Abolire l'infibulazione Cresce la pressione sull'Onu

L'obiettivo, ora, è riuscire a depositare alle Nazioni Unite una risoluzione che bandisca la pratica delle mutilazioni genitali femminili. Un'eventuale approvazione da parte dell'Assemblea Onu, infatti, avrebbe l'effetto di scongiurare a livello globale una violenza che continua in molte aree dell'Africa, del Sud Est Asiatico e del Medio Oriente. Gli ostacoli per l'approvazione sono molti, nonostante nell'ultimo decennio alcuni Stati abbiano approvato leggi interne di abolizione dell'infibulazione o assunto posizioni di esplicita condanna. E sono di tipo «diplomatico-burocratico», anziché pratico, come ha spiegato la vicepresidente del Senato Emma Bonino, presidente dell'associazione Non c'è pace senza giustizia che ieri ha organizzato a Roma una tavola rotonda sul tema. «Questa è una questione essenzialmente politica», ha rilevato Bonino, richiamando i governi ad aumentare la pressione.
Finora, «in dieci anni di campagna, su 29 Paesi abbiamo accompagnato 19 leggi di proibizione nazionale, quindi il muro del silenzio è caduto», ha aggiunto la senatrice radicale, portando l'esempio di quegli Stati «come il Mali o la Sierra Leone dove esistono una società civile molto forte e una resistenza governativa quasi tetragona, o dove ora il dibattito è diventato pubblico anche se non hanno ancora una legge». Per questo, è essenziale profondere un messaggio di sensibilizzazione, come hanno rimarcato alcune delle più impegnate attiviste africane anti-Mgf presenti all'iniziativa romana, incisivo anche laddove la mutilazione femminile è ancora nascosta dietro conservatorismi e difesa delle tradizioni religiose.

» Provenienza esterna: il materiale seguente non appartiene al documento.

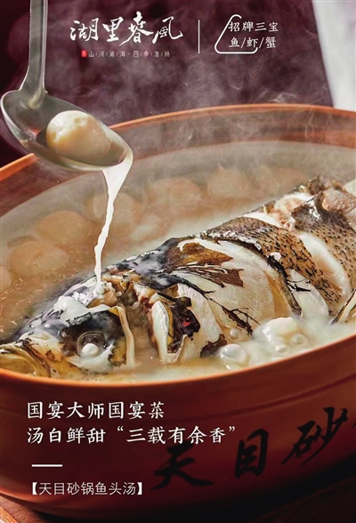 餐厅负责人管青山介绍说,菜品的品质把控十分严格,所有的原材料都要从原产地采购运来,餐厅主打的天目湖鱼头,选用三年以上自然生长大鱼头,每条重达30-40斤,活鱼进京,慢火慢炖,翻滚出浓郁乳白鲜汤,回味鲜美甘香—所谓“三载有余香”。

L'Unione Africana, in particolare, ha ratificato il protocollo di Maputo che bandisce le mutilazioni genitali come una patente violazione dei diritti umani, e diversi governi si sono concretamente attivati in piani d'azione nazionali che prevedono campagne d'informazione, specie in aree poco sviluppate dove la pratica è maggiormente diffusa. Sono passi fondamentali destinati a ridurre numeri consistenti: si stima che ogni anno nel mondo tre milioni di bambine vengano sottoposte a escissione o infibulazione. Secondo l'Istat, in Italia sono circa 35.000 le donne e le bambine emigrate che ne restano vittime. Il nostro Paese ha recentemente approvato all'unanimità una mozione che impegna il governo a promuovere tutte le iniziative utili ad ottenere in tempi rapidi una risoluzione delle Nazioni Unite, e il ministro degli Esteri Frattini, intervenendo alla 65esima sessione dell'Assemblea Onu in corso a New York, ha fissato nel 2015 il termine per l'approvazione. «L'obiettivo è a portata di mano», sostengono le Ong coinvolte. E da parte governativa, il direttore generale della Cooperazione allo sviluppo Elisabetta Belloni ha rinnovato ieri il proposito di «dimostrare come il nostro Paese può essere paladino ancora di una causa fondamentale: una battaglia di tutela dei diritti umani fondamentali».